Of Male and Female Head Covering
This document sets forth my personal faith regarding the subject matter at the time of the writing. The Holy Spirit through Paul reminds us that now we see through the glass darkly seeing in part and knowing in part (1 Cor 13:12). I am mindful that even saved sanctified Holy Ghost filled Peter had to learn about dealing with the Gentiles (Gal 2:11-14; Acts 10:34). Indeed, I must admit I have grown in my understanding of this matter. I therefore caution myself and all to be open to a deeper understanding of the subject matter and not to be so dogmatic/rigid/insistent about one’s position especially when one is not the decision making authority. This does not mean one has to speak and/or act in a way that violates one’s integrity. This does not mean one should avoid sharing one’s belief, publicly or privately, when the circumstance warrants it. It does mean one should do so with care giving preference to private sharing unless public sharing is absolutely warranted.

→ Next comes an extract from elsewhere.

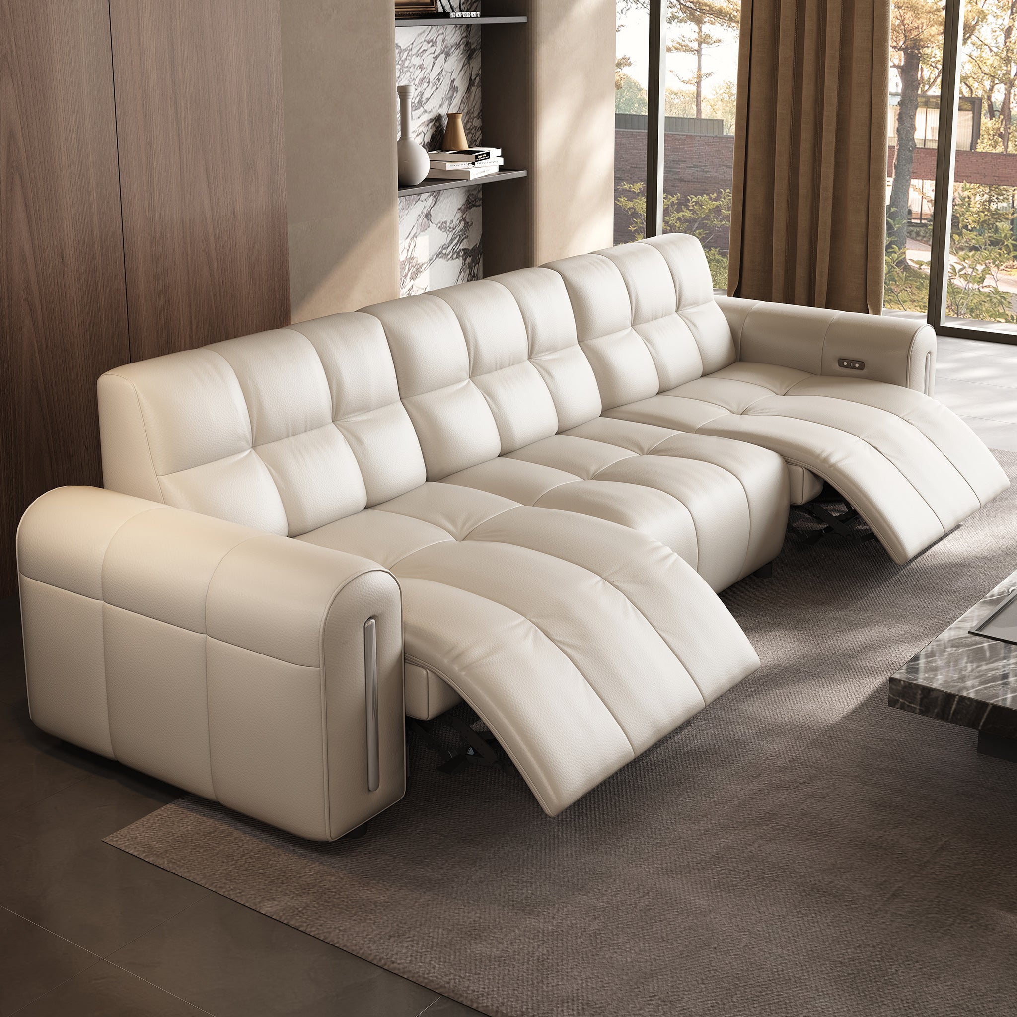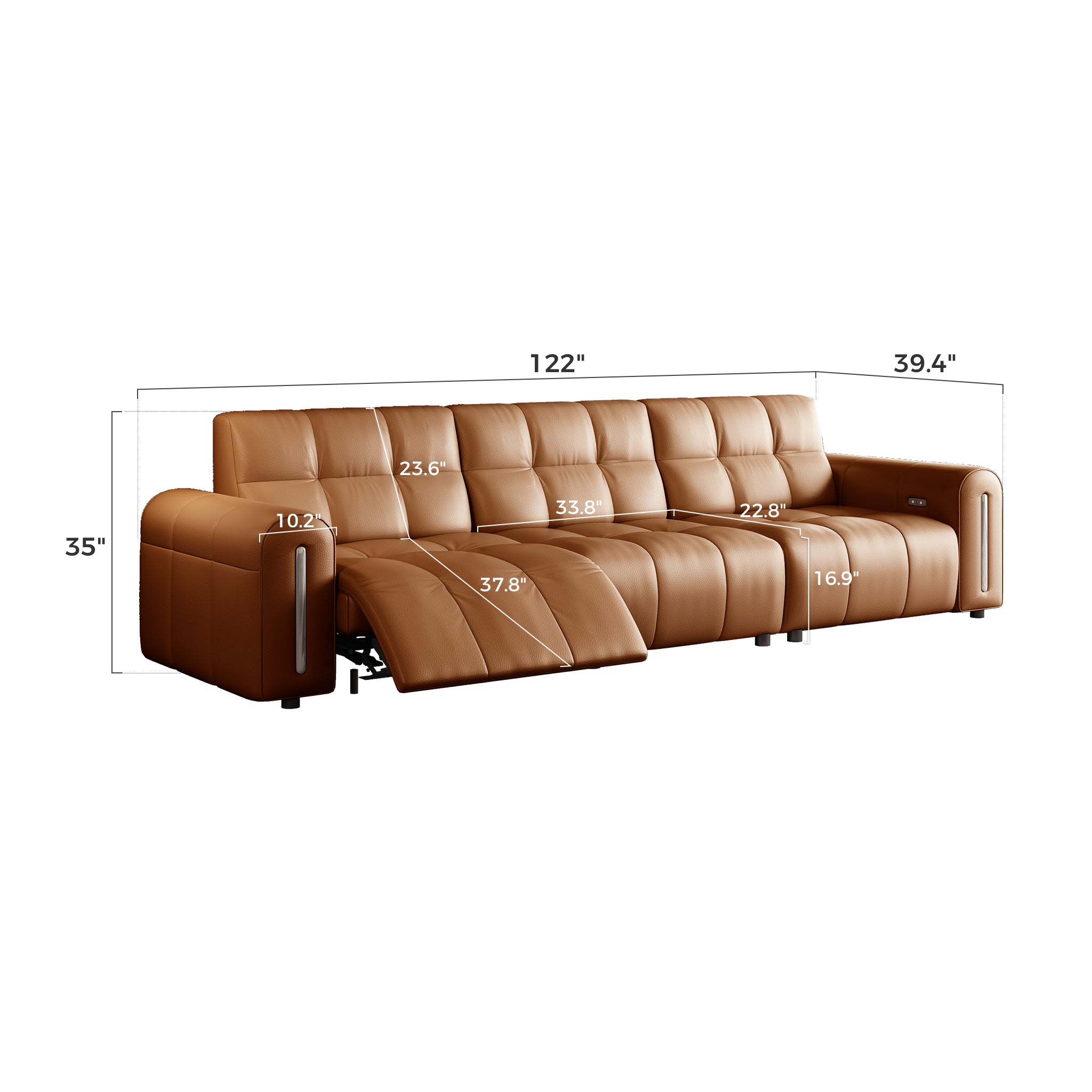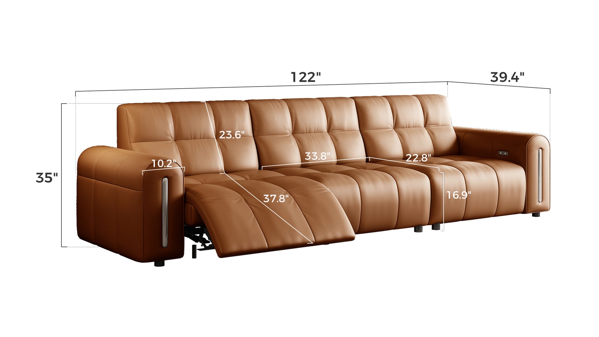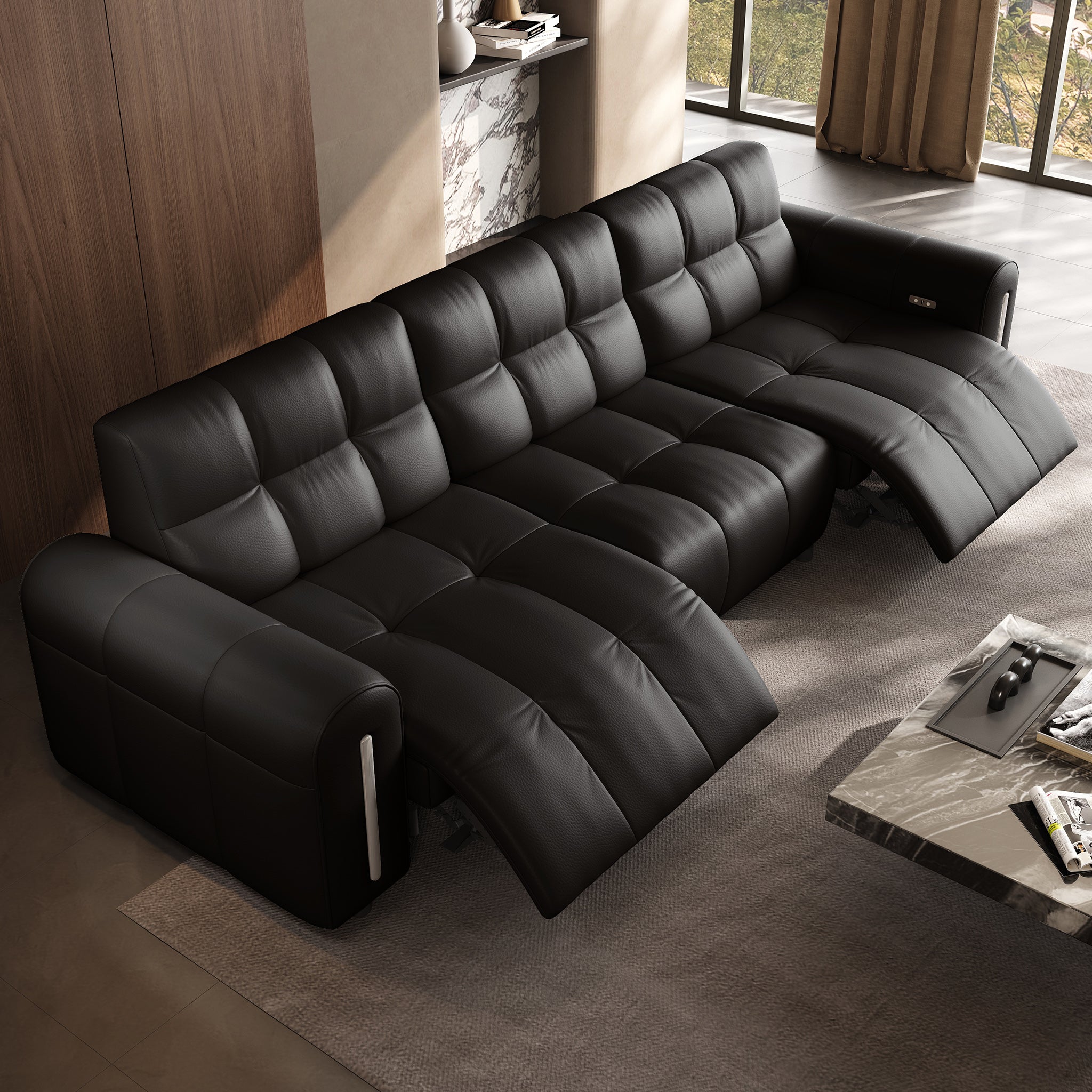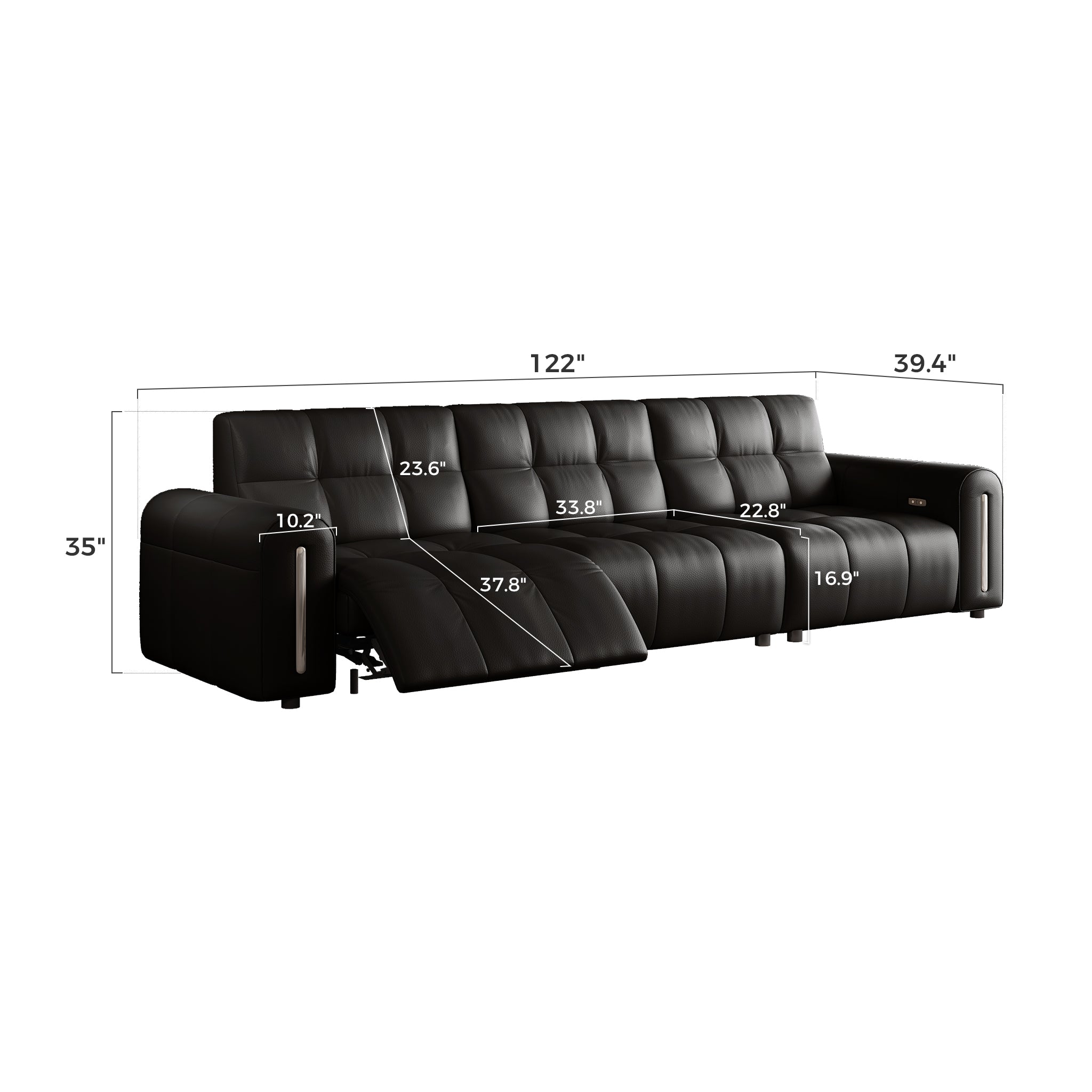 Two user-friendly buttons control reclining — one for opening, one for closing — while the integrated USB port allows you to charge devices conveniently while seated.

Male headship is the biblical norm for spiritual matters in the home, church, and nation in general. But this does not apply to non-spiritual matters and heading entities such as a computer business, construction company, or a non-profit organization whose mission is not primarily preaching and teaching of spiritual doctrines. Here non-profits include government entities since their primary role is not preaching and teaching of spiritual doctrines although they are to apply spiritual doctrines in their job capacity.
Nothing in this document should be misconstrued as justifying abuse of females by males or males by females. Indeed all forms of abuse to include but not limited to mental and physical abuse are forbidden by scripture. Occurrence of physical abuse is self-evident when the event occurs. Mental abuse may be more difficult to determine; but biblical love will prevent its occurrence.
Head Covering Symbolism – Male and/or Female?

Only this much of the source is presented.